Mentor: Professor Meredith Hastings
Project title: Investigating spatial and seasonal variability in urban atmospheric chemistry
Science goals: The Hastings research group is focused on using the isotopic composition of reactive nitrogen to investigate variations in its sources, chemistry, atmospheric transport, and deposition. Isotopes represent the same chemical species with slightly different masses (e.g., ¹⁴N versus ¹⁵N) such that they exhibit different chemical and physical behaviors in the environment that we can quantify. Our aim is to fingerprint different emission sources – such as vehicles, power plants, aircraft, farms, forest fires, and lightning – and track their influence on the environment. Urban areas, in particular, offer a perspective on how humans impact and are impacted by reactive nitrogen. With great variations in space and time for different emissions sources and the implications for human and biosphere health, we are applying new techniques in an array of environments.

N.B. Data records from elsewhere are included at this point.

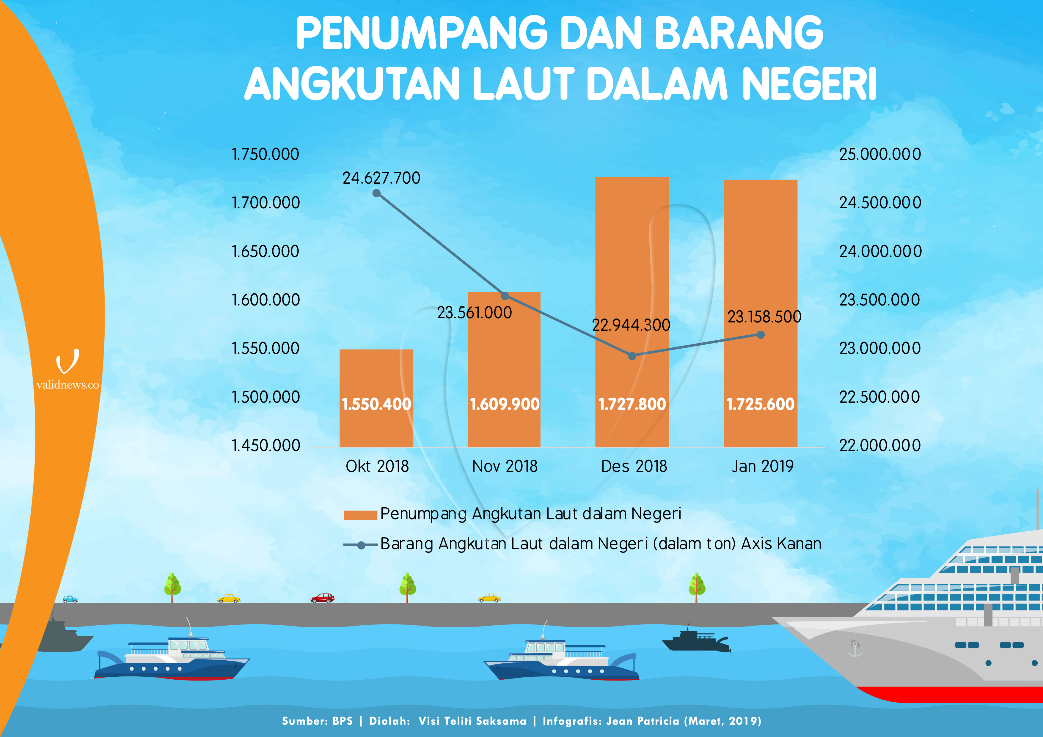 Untuk diketahui, pada Januari 2019 jumlah penumpang domestik yang menggunakan kapal sebagai moda transportasinya mencapai 1,73 juta orang. Sementara itu pada Januari 2018, jumlahnya tercatat lebih sedikit, yakni 1,70 juta orang.
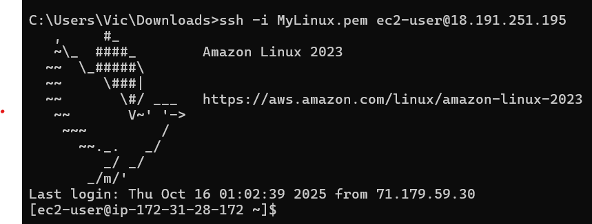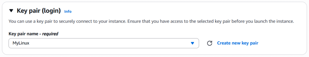 Note down the ip address since we are going to connect to it using our saved private key. we will use our private key “MyLinux.pem” to connect to it which matched with its public key at Amazon AWS server.
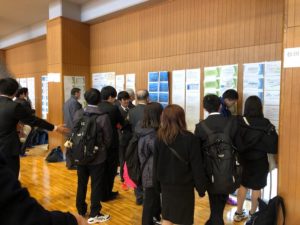 パワーポイントでの発表終了後は体育館に移動し,ポスター発表も実施しました。
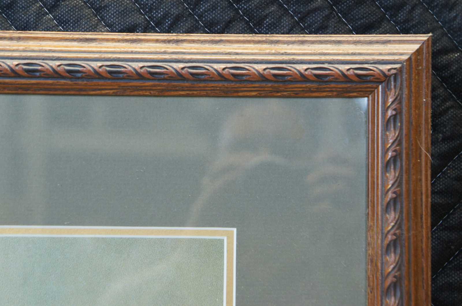 Framed lithograph print by Clarence F. Underwood showing a Victorian couple seated at a table. “Clarence Underwood (New York, 1871 - 1929) Born in Jamestown, New York, Underwood studied at the Art Students League and the Academy of Julian in Paris in 1896 with J. P. Laurens, Constant and Bouguereau.
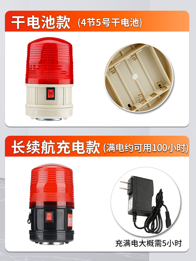 Dry battery flash warning light strobe magnetic absorption LED alarm light flash signal light rechargeable sound and light alarm
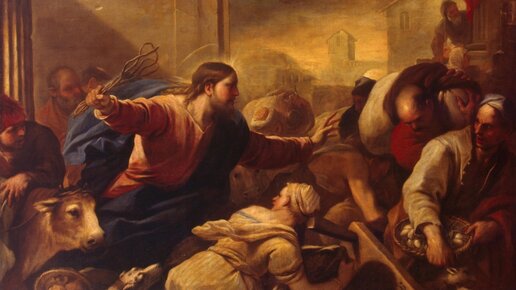 Наиболее подробно этот эпизод описывает апостол Иоанн: Иисус пришел в Иерусалим и нашел, что в храме продавали волов, овец и голубей, и сидели меновщики денег. И, сделав бич из веревок, выгнал из храма всех, также и овец и волов; и деньги у меновщиков рассыпал, а столы их опрокинул. И сказал продающим голубей: возьмите это отсюда и дóма Отца Моего не делайте домом торговли (Ин 2:13–16). Сразу стоит отметить, что речь идет не о храме в привычном для нас понимании. Иерусалимский храм был, по сути, городом в городе — со множеством построек и внутренними дворами...

Mentor: Professor James Russell
Project title: Climate and environmental change across the Plio-Pleistocene boundary in tropical East Africa
Science goals: About three million years ago, northern hemisphere glaciers expanded dramatically, and began to wax and wane in 41,000-year glacial cycles. Around the same time, parts of Africa became drier, and our human ancestors underwent a set of evolutionary shifts including the appearance of the genus Homo. Many hypotheses have suggested that these changes are linked, wherein global cooling causes drying over Africa, which in turn triggers human evolutionary responses. However, we lack long, highly-resolved records of African environmental change. This project will analyze the hydrogen and carbon isotopic composition of terrestrial leaf wax biomarkers in a well-dated ~750,000-year-long drill core from the Baringo-Tugen-Barsemoi basin, in the Eastern Kenyan Rift, to detect changes in rainfall and vegetation between 3.3 and 2.55 Ma, and use these data to test the relationships between East African climate and vegetation and the onset and intensification of northern hemisphere glaciation.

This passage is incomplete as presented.